Hadoop HBase And Hive
- Hadoop is an open source software stack that runs on a cluster of machines.
- Hadoop provides distributed storage and distributed process for very big data sets.
It has following 2 core components:
- Hadoop Distributed file system or HDFS is a Java based distributed file system that enables us to store big data across multiple nodes in a Hadoop cluster.
- So, if you install Hadoop, you will get HDFS as an underlying storage system for storing the big data sets in the distributed environment.
- MapReduce is a programming framework for writing applications that method massive amounts of structured and unstructured data in parallel across a cluster of thousands of machines, in a reliable, fault-tolerant manner.
- Apache HBase is Hadoop database, a distributed, scalable, column oriented big data store.
- HBase is built on top of HDFS means that data you store in HBase is stored in HDFS itself.

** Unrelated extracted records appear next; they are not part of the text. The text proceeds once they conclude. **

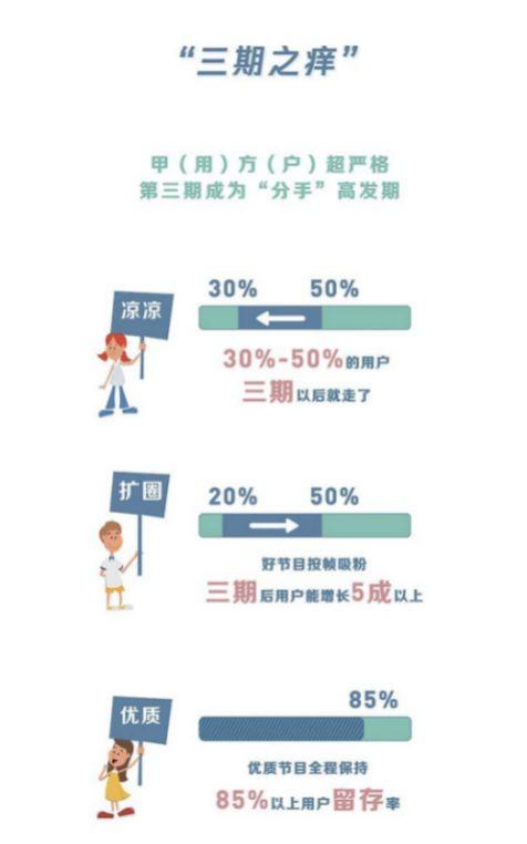 “三期之痒”指综艺节目在播出三期后是一个明显的拐点。对于低品质节目,有30%-50%的用户会在看过3期后流失;好节目按帧吸粉,3期后用户能增长五成以上;优质节目则是全程保持85%以上用户留存率。
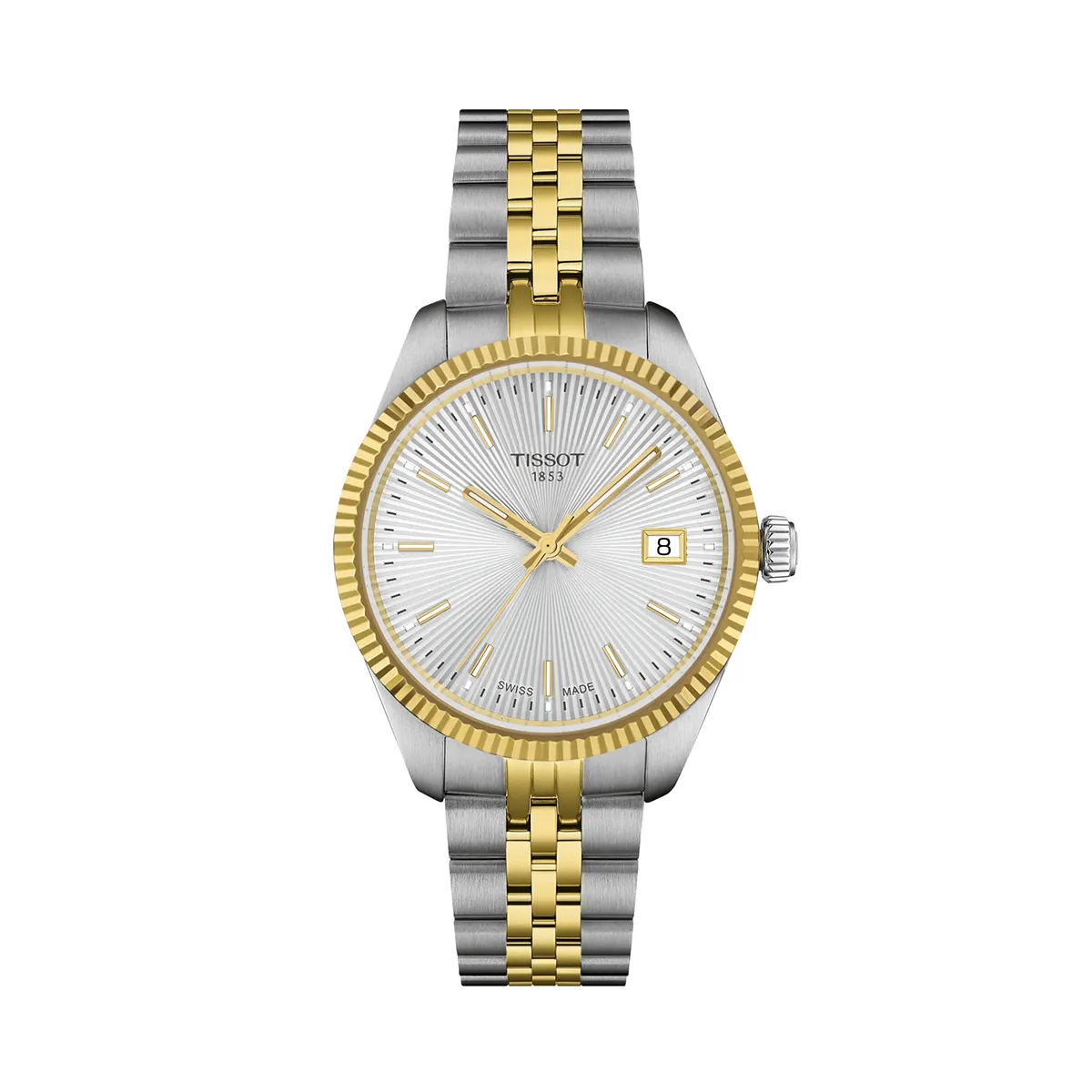 Met de Ballade-collectie brengt Tissot de erfgoedlijn uit 1994 opnieuw tot leven, ditmaal in een sierlijk, eigentijds formaat. Deze 34 mm uitvoering is de gouden tegenhanger binnen de reeks: een compact model dat het beste van 316L-edelstaal combineert met goudkleurige PVD-accenten voor een warme, klassiek-moderne uitstraling.
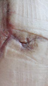 Initial SNAP therapy: SNAP therapy begun 17.11.19. The sterile field was prepared, proceeding with irrigation using Prontosan with a 30cc syringe and a 20G cannula needle.  We covered the wound with TNT gauze using anatomical tweezers. Then we added polyurethane foam shaped to match the wound bed. A protective product was applied to the perilesional skin and then we applied polyurethane film on the wound sealing it with medication (SNAP TM hydrocolloid)

- Hive is an important tool for Hadoop ecosystem it provides an SQL for querying data in HDFS, other file systems that integrate with Hadoop like MapR-FS and Amazon’s S3 and databases like HBase(the Hadoop database) and Cassandra.
- Hive too like HBase stores data into HDFS but it uses MapReduce too. It compiles queries into MapReduce jobs and runs them on the cluster. It was the primary abstraction engines to be built on top of MapReduce. Hive needs a metastore(JDBC compliant RDBMS) to store its metadata.